Une fois cette distinction établie, Li et Boyle pourraient enfin construire un code correcteur d’erreurs. Rappelons que dans un code correcteur d’erreurs quantiques ordinaire, un qubit virtuel est codé en superpositions de qubits physiques. Dans leur code basé sur le carrelage, les états analogues sont des superpositions de tous les carrelages au sein d'une seule classe d'équivalence. Si le plan est recouvert de ce type de superposition, il existe une procédure permettant de combler les lacunes sans révéler aucune information sur l'état quantique global.

"Le carrelage de Penrose connaissait d'une manière ou d'une autre la correction des erreurs quantiques avant l'invention de l'ordinateur quantique", a déclaré Boyle.

L'intuition de Li et Boyle pendant le trajet en bus s'était avérée juste.

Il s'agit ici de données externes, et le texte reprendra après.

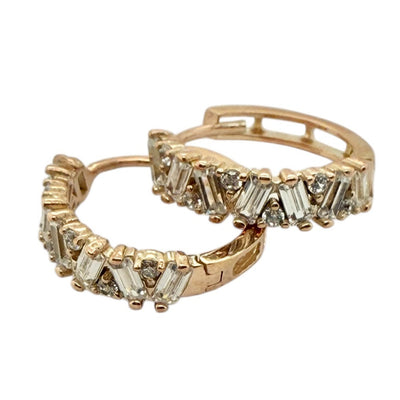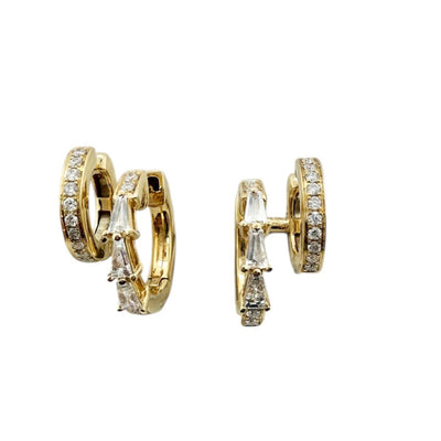 18ct Yellow Gold Floral Design Baguette Diamond Drop Huggie Earrings
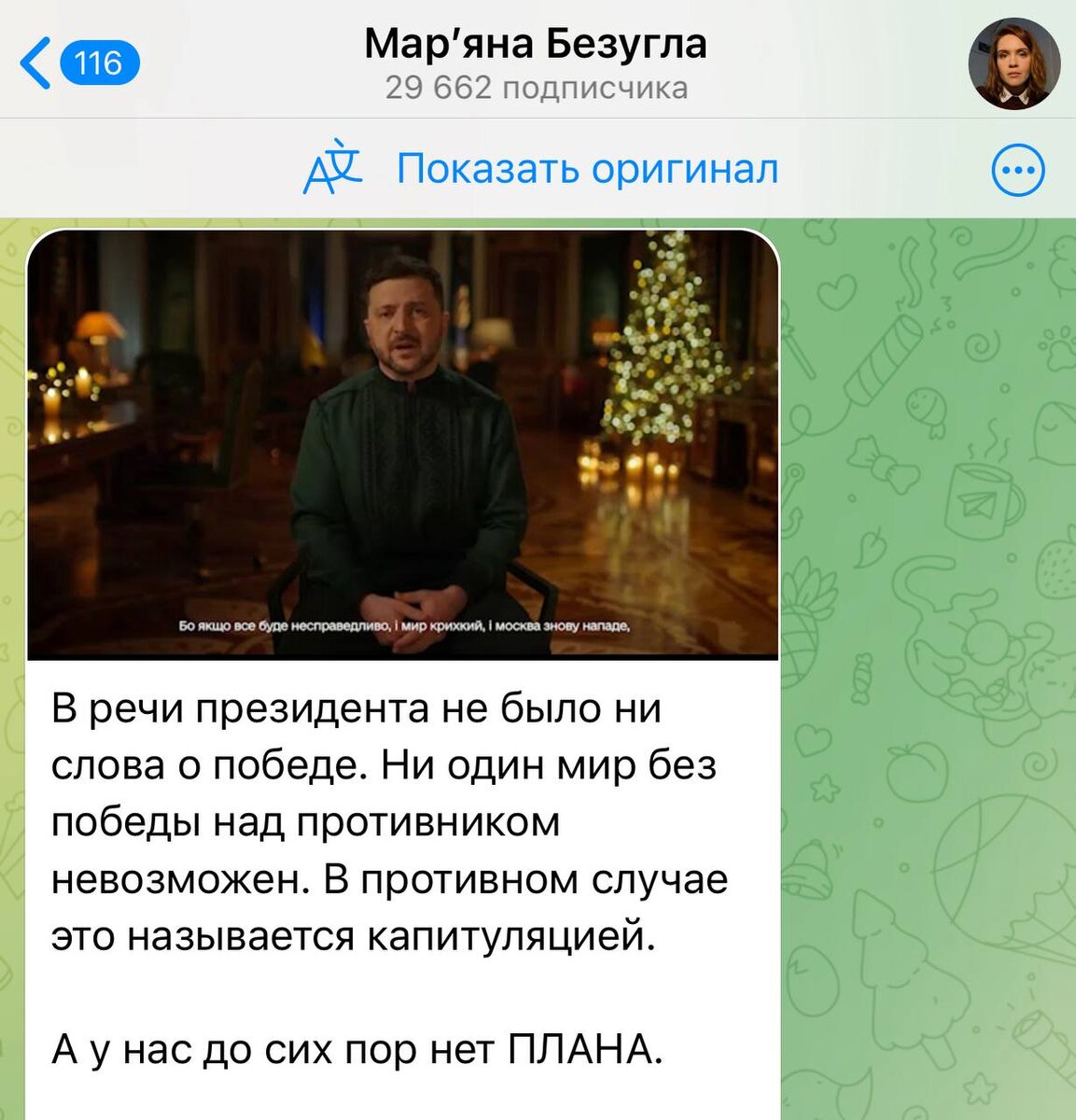 ❗️Нардеп Безуглая заметила, что новогоднем обращение Зеленского не было ни одного слова про «перемогу»

Au fond, les deux définitions de l’indiscernabilité locale étaient elles-mêmes indiscernables.

Trouver le modèle

Bien que mathématiquement bien défini, le nouveau code de Li et Boyle n'était guère pratique. Les bords des tuiles dans les pavages Penrose ne tombent pas à intervalles réguliers, donc spécifier leur distribution nécessite des nombres réels continus plutôt que des entiers discrets. Les ordinateurs quantiques, quant à eux, utilisent généralement des systèmes discrets comme des grilles de qubits. Pire encore, les pavages de Penrose ne sont indiscernables que localement sur un plan infini, ce qui ne se traduit pas bien dans le monde réel fini.

Introduction

"C'est un lien très curieux", a déclaré Barbara Terhal, chercheur en informatique quantique à l'Université de technologie de Delft. "Mais c'est aussi bien de ramener les choses sur terre."

Li et Boyle ont déjà fait un pas dans cette direction, en construisant deux autres codes basés sur le pavage dans lesquels le système quantique sous-jacent est fini dans un cas et discret dans l'autre. Le code discret peut également être rendu fini, mais d'autres défis demeurent. Les deux codes finis ne peuvent corriger que les erreurs regroupées, tandis que les codes de correction d’erreurs quantiques les plus populaires peuvent gérer les erreurs distribuées de manière aléatoire. Il n'est pas encore clair s'il s'agit d'une limitation inhérente aux codes basés sur le carrelage ou si elle pourrait être contournée grâce à une conception plus intelligente.

« De nombreux travaux de suivi peuvent être effectués », a déclaré Félix Scintillement, physicien à l'Université de Bristol. "Tous les bons journaux devraient faire ça."

Ce ne sont pas seulement les détails techniques qui doivent être mieux compris : la nouvelle découverte soulève également des questions plus fondamentales. Une prochaine étape évidente consiste à déterminer quels autres pavages fonctionnent également comme codes. L'année dernière, des mathématiciens ont découvert une famille de carrelages apériodiques que chacun n’utilise qu’une seule tuile. "Il serait fascinant de voir comment ces développements récents pourraient peut-être être liés au problème de la correction des erreurs quantiques", a écrit Penrose dans un e-mail.

Une autre direction consiste à explorer les liens entre les codes de correction d'erreurs quantiques et certains modèles de gravité quantique. Dans un papier 2020, Boyle, Flicker et feu Madeline Dickens ont montré que des pavages apériodiques apparaissent dans la géométrie espace-temps de ces modèles. Mais ce lien découle d'une propriété des pavages qui ne joue aucun rôle dans le travail de Li et Boyle. Il semble que la gravité quantique, la correction d’erreurs quantiques et les pavages apériodiques soient différentes pièces d’un puzzle dont les chercheurs commencent tout juste à comprendre les contours. Comme pour les carrelages apériodiques eux-mêmes, comprendre comment ces pièces s'emboîtent peut être remarquablement subtil.

« Il existe des racines profondes qui relient ces différentes choses », a déclaré Flicker. «Cet ensemble de connexions alléchantes ne demande qu’à être élaboré.»